#### [Exercise instructions]
For the records below, print the lines from the line with "Храм в Эдфу, посвященный" through the line with "夏休みを前に、着衣泳体験をし" exactly as written; include both end lines and exclude the rest.

#### [Input]

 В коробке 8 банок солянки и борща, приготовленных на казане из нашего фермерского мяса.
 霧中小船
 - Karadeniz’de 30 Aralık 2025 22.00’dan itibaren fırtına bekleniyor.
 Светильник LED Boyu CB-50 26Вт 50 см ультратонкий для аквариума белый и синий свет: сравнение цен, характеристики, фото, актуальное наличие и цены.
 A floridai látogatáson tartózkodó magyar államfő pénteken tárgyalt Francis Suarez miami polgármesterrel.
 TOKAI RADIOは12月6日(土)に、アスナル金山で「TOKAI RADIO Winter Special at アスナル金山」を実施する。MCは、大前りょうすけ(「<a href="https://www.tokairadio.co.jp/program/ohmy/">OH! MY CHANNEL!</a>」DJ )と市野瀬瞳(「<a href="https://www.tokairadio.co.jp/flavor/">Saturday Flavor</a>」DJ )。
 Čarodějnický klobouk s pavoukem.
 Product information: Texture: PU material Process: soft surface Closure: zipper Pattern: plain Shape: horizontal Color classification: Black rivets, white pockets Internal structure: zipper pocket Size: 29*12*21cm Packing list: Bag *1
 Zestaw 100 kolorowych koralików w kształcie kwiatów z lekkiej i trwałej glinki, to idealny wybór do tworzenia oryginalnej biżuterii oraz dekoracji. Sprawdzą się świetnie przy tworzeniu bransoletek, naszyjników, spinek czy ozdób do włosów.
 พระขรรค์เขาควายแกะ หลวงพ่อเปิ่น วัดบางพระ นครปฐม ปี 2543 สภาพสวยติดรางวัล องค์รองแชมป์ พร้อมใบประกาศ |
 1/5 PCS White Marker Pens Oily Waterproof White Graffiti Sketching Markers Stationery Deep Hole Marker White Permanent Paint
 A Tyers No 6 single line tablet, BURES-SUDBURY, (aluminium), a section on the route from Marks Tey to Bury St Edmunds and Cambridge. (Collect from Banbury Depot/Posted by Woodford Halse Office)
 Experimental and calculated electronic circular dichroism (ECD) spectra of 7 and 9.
---
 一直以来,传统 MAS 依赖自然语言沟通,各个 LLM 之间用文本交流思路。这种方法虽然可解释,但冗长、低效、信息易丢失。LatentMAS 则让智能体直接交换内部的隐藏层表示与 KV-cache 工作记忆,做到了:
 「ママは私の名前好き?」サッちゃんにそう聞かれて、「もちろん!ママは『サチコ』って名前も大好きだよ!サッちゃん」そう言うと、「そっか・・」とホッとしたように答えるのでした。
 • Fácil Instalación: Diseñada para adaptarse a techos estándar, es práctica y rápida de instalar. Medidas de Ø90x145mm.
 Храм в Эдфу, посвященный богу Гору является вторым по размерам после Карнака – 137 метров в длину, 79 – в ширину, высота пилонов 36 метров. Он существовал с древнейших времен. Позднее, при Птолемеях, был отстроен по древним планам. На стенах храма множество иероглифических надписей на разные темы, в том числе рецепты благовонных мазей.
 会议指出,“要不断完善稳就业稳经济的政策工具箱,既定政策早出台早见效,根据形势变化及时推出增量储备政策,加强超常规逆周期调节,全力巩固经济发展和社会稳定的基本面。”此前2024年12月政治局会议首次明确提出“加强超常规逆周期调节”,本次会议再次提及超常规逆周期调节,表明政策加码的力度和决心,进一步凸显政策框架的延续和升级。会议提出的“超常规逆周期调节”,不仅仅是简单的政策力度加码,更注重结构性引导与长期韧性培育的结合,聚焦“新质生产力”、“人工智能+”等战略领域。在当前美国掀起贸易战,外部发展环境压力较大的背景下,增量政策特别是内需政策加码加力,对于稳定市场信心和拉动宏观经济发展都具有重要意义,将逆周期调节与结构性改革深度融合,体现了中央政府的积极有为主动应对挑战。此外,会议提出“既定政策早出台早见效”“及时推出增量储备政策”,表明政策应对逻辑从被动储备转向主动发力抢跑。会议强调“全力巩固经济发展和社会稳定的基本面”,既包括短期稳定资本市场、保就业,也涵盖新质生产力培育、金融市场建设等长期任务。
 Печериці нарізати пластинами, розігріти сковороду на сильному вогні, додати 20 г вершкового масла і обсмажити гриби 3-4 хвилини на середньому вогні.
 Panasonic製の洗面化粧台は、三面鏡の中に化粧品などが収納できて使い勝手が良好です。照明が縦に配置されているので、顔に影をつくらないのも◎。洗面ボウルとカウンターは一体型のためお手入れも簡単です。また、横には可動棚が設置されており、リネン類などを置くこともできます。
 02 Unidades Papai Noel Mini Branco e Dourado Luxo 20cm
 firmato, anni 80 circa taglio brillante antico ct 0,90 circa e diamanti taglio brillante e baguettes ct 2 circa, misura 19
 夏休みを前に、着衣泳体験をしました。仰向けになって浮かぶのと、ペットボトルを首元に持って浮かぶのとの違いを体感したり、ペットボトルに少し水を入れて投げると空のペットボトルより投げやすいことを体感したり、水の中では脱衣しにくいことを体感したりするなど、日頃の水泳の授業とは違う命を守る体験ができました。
--
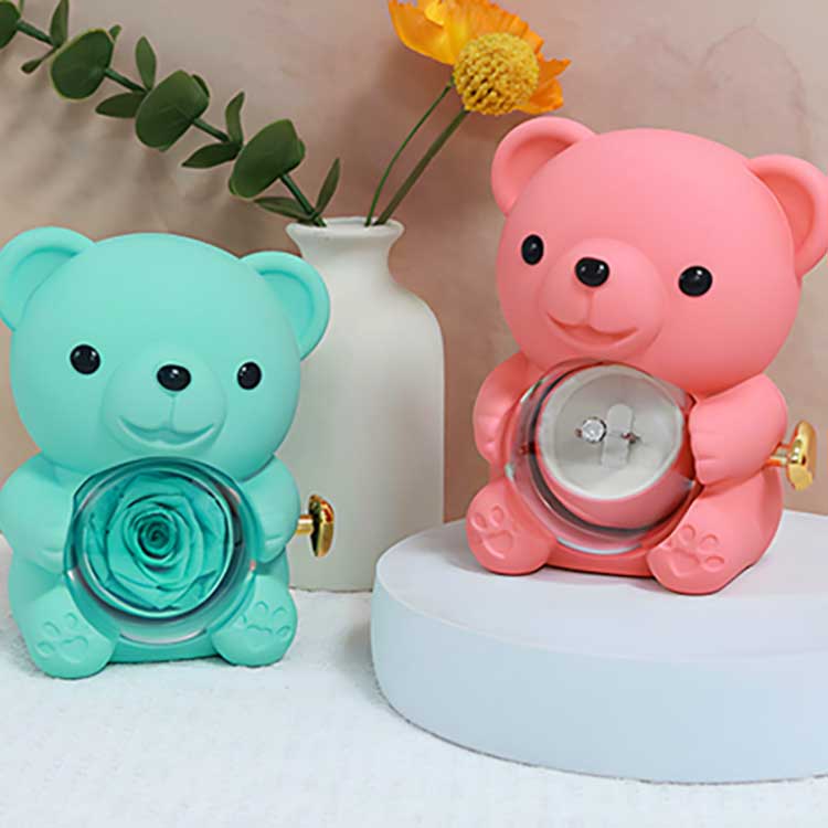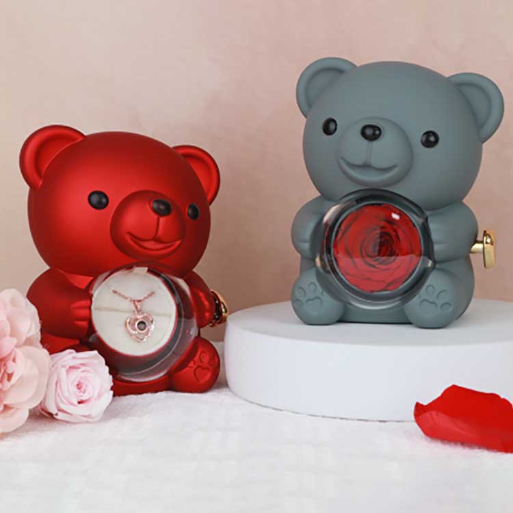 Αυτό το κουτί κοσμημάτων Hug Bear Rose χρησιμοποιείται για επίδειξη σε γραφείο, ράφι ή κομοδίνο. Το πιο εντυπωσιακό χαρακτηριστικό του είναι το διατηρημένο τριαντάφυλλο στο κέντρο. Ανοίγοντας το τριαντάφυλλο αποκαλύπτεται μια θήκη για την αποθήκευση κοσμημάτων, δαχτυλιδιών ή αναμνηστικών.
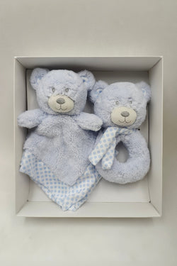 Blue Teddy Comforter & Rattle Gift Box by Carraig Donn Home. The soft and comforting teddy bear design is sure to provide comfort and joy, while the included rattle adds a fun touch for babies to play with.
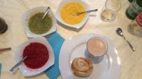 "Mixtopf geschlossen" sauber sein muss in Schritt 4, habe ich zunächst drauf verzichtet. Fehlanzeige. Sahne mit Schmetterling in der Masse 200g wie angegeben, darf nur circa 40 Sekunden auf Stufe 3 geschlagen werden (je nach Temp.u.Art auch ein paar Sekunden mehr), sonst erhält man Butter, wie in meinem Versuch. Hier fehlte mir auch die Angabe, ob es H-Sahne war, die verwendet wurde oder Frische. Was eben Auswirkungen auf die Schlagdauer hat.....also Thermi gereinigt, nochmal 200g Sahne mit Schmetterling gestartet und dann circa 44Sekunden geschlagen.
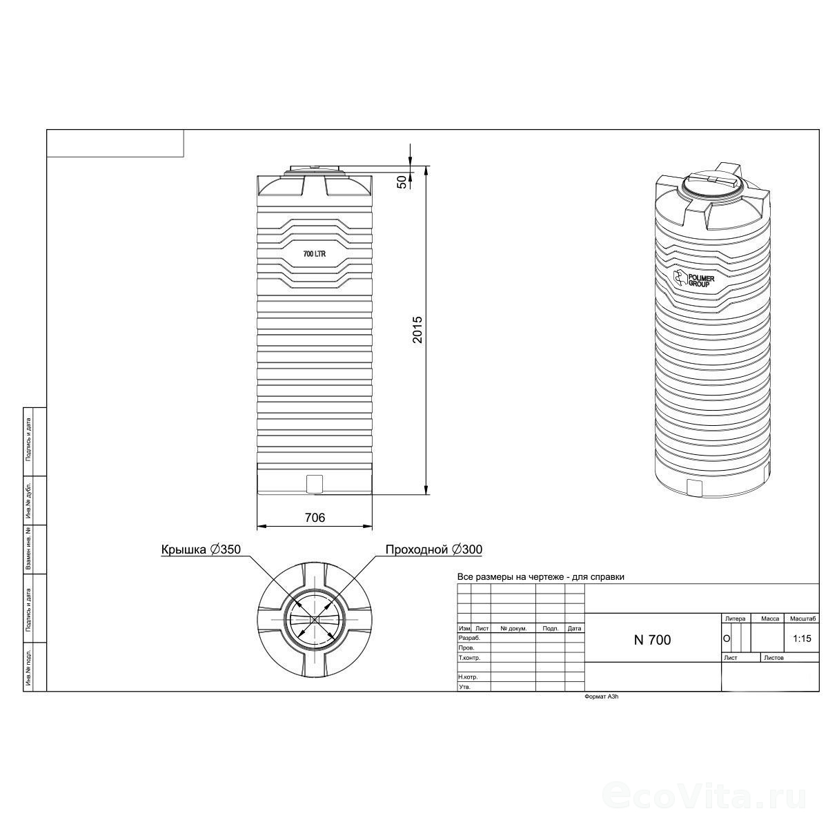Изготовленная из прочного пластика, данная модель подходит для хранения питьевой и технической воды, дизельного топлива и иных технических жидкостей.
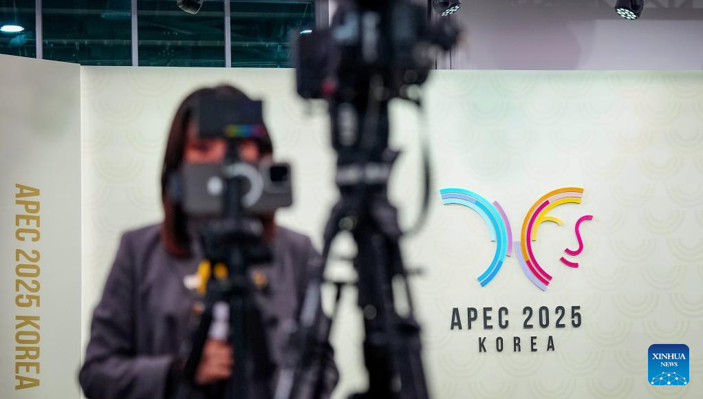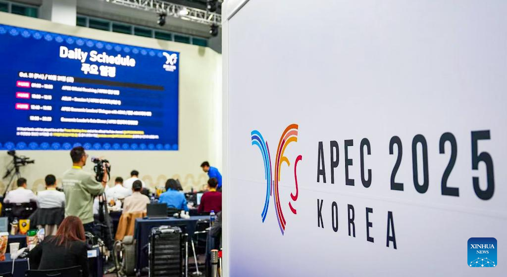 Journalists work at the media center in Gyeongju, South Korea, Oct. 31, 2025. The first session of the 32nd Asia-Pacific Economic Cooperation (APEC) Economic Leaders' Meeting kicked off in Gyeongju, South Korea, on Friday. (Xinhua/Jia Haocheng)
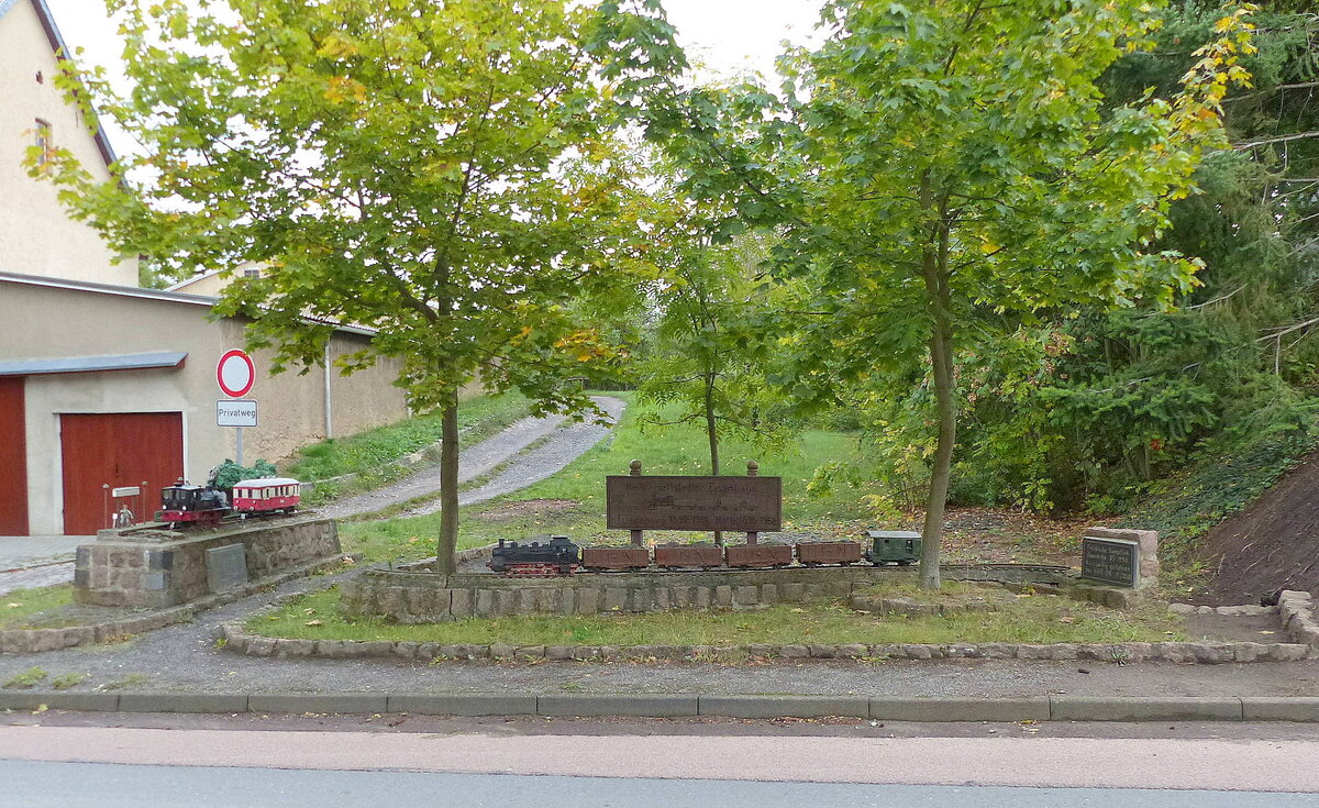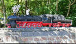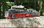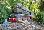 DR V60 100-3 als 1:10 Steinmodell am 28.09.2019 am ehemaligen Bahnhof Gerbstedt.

#### [Response to this task]
 Храм в Эдфу, посвященный богу Гору является вторым по размерам после Карнака – 137 метров в длину, 79 – в ширину, высота пилонов 36 метров. Он существовал с древнейших времен. Позднее, при Птолемеях, был отстроен по древним планам. На стенах храма множество иероглифических надписей на разные темы, в том числе рецепты благовонных мазей.
 会议指出,“要不断完善稳就业稳经济的政策工具箱,既定政策早出台早见效,根据形势变化及时推出增量储备政策,加强超常规逆周期调节,全力巩固经济发展和社会稳定的基本面。”此前2024年12月政治局会议首次明确提出“加强超常规逆周期调节”,本次会议再次提及超常规逆周期调节,表明政策加码的力度和决心,进一步凸显政策框架的延续和升级。会议提出的“超常规逆周期调节”,不仅仅是简单的政策力度加码,更注重结构性引导与长期韧性培育的结合,聚焦“新质生产力”、“人工智能+”等战略领域。在当前美国掀起贸易战,外部发展环境压力较大的背景下,增量政策特别是内需政策加码加力,对于稳定市场信心和拉动宏观经济发展都具有重要意义,将逆周期调节与结构性改革深度融合,体现了中央政府的积极有为主动应对挑战。此外,会议提出“既定政策早出台早见效”“及时推出增量储备政策”,表明政策应对逻辑从被动储备转向主动发力抢跑。会议强调“全力巩固经济发展和社会稳定的基本面”,既包括短期稳定资本市场、保就业,也涵盖新质生产力培育、金融市场建设等长期任务。
 Печериці нарізати пластинами, розігріти сковороду на сильному вогні, додати 20 г вершкового масла і обсмажити гриби 3-4 хвилини на середньому вогні.
 Panasonic製の洗面化粧台は、三面鏡の中に化粧品などが収納できて使い勝手が良好です。照明が縦に配置されているので、顔に影をつくらないのも◎。洗面ボウルとカウンターは一体型のためお手入れも簡単です。また、横には可動棚が設置されており、リネン類などを置くこともできます。
 02 Unidades Papai Noel Mini Branco e Dourado Luxo 20cm
 firmato, anni 80 circa taglio brillante antico ct 0,90 circa e diamanti taglio brillante e baguettes ct 2 circa, misura 19
 夏休みを前に、着衣泳体験をしました。仰向けになって浮かぶのと、ペットボトルを首元に持って浮かぶのとの違いを体感したり、ペットボトルに少し水を入れて投げると空のペットボトルより投げやすいことを体感したり、水の中では脱衣しにくいことを体感したりするなど、日頃の水泳の授業とは違う命を守る体験ができました。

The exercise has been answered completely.